Comment 1 mhou 2023-06-29 07:47:24 UTC
This triggers an extended issue where ovs-appctl bond/show does not match the value ovs-appctl bond/hash queries after setting bond-rebalance-interval=0 to bond-rebalance-interval=1000

[root@hp-dl388g10-03 ovs_bond_function]# ovs-vsctl set port balance-tcp other_config:bond-rebalance-interval=0
[root@hp-dl388g10-03 ovs_bond_function]# ovs-vsctl list port balance-tcp
_uuid               : 8270104e-8d85-4b0b-9dcd-067a2b7f4969
bond_active_slave   : "3c:fd:fe:bd:1c:a4"
bond_downdelay      : 0
bond_fake_iface     : false
bond_mode           : balance-tcp
bond_updelay        : 0
cvlans              : []
external_ids        : {}
fake_bridge         : false
interfaces          : [2f8df384-e862-4dc7-854c-6d3e3abe1914, 81b7adfa-af28-4066-a9cb-5a54a6259835]
lacp                : active
mac                 : []
name                : balance-tcp
other_config        : {bond-rebalance-interval="0"}
protected           : false
qos                 : []
rstp_statistics     : {}
rstp_status         : {}
statistics          : {}
status              : {}
tag                 : []
trunks              : []
vlan_mode           : []
# ovs-vsctl set port balance-tcp other_config:bond-rebalance-interval=1000
# ovs-vsctl get port balance-tcp other_config
{bond-rebalance-interval="1000"}
# ovs-appctl bond/hash 00:de:ad:96:02:02
40
# ovs-appctl bond/hash 00:de:ad:96:02:12
161
# ovs-appctl bond/show
---- balance-tcp ----
bond_mode: balance-tcp
bond may use recirculation: yes, Recirc-ID : 1
bond-hash-basis: 0
lb_output action: disabled, bond-id: -1
updelay: 0 ms
downdelay: 0 ms
next rebalance: 725 ms
lacp_status: negotiated
lacp_fallback_ab: false
active-backup primary: <none>
active member mac: 3c:fd:fe:bd:1c:a4(ens4f0)

member ens4f0: enabled
  active member
  may_enable: true
  hash 162: 1514807 kB load

member ens4f1: enabled
  may_enable: true
  hash 58: 1511342 kB load


check the ovs-vswitchd.log and found the hash id same with ovs-appctl bond/show but not equal ovs-appctl bond/hash
2023-06-29T07:46:28.173Z|00437|bond|DBG|bond balance-tcp: ens4f1 3028455kB (h58: 3028455kB + h224: 0kB), ens4f0 3020699kB (h162: 3020699kB)
2023-06-29T07:46:29.179Z|00438|bond|DBG|bond balance-tcp: ens4f1 3036464kB (h58: 3036464kB + h224: 0kB), ens4f0 3031085kB (h162: 3031085kB)
2023-06-29T07:46:30.179Z|00439|bond|DBG|bond balance-tcp: ens4f1 3033405kB (h58: 3033405kB + h224: 0kB), ens4f0 3025485kB (h162: 3025485kB)
2023-06-29T07:46:31.179Z|00440|bond|DBG|bond balance-tcp: ens4f1 3027718kB (h58: 3027718kB + h224: 0kB), ens4f0 3026777kB (h162: 3026777kB)
2023-06-29T07:46:32.179Z|00441|bond|DBG|bond balance-tcp: ens4f0 3027846kB (h162: 3027846kB), ens4f1 3024283kB (h58: 3024283kB + h224: 0kB)
2023-06-29T07:46:33.179Z|00442|bond|DBG|bond balance-tcp: ens4f1 3026467kB (h58: 3026467kB + h224: 0kB), ens4f0 3025002kB (h162: 3025002kB)
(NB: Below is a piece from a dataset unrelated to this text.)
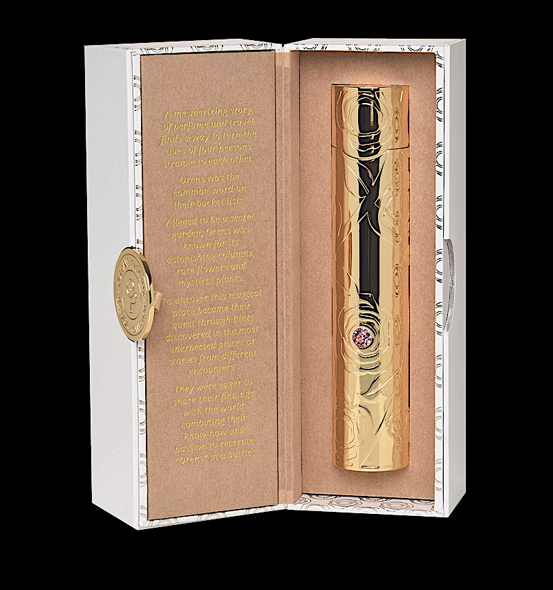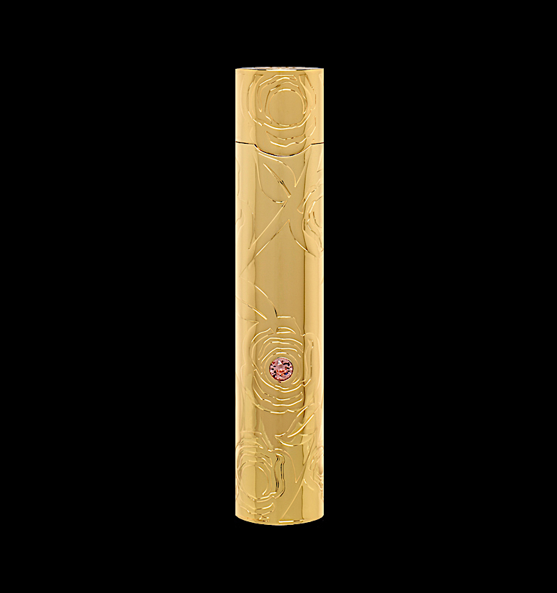Un porta profumo in zama splendidamente inciso e decorato con una pietra Swarovski. Contiene un flacone da 50ml di Eau de Parfum.

Comment 2 Mike Pattrick 2023-06-29 13:44:40 UTC
We do not print out the hash values when rebalance interval is zero intentionally.

This is the logic we use to decide if we will print this information:

>     return bond->rebalance_interval                                             
>         && (bond->balance == BM_SLB || bond->balance == BM_TCP)                 
>         && !(bond->lacp_fallback_ab && bond->lacp_status == LACP_CONFIGURED);

 If this is a desired feature, than please reopen this bug as a RFE.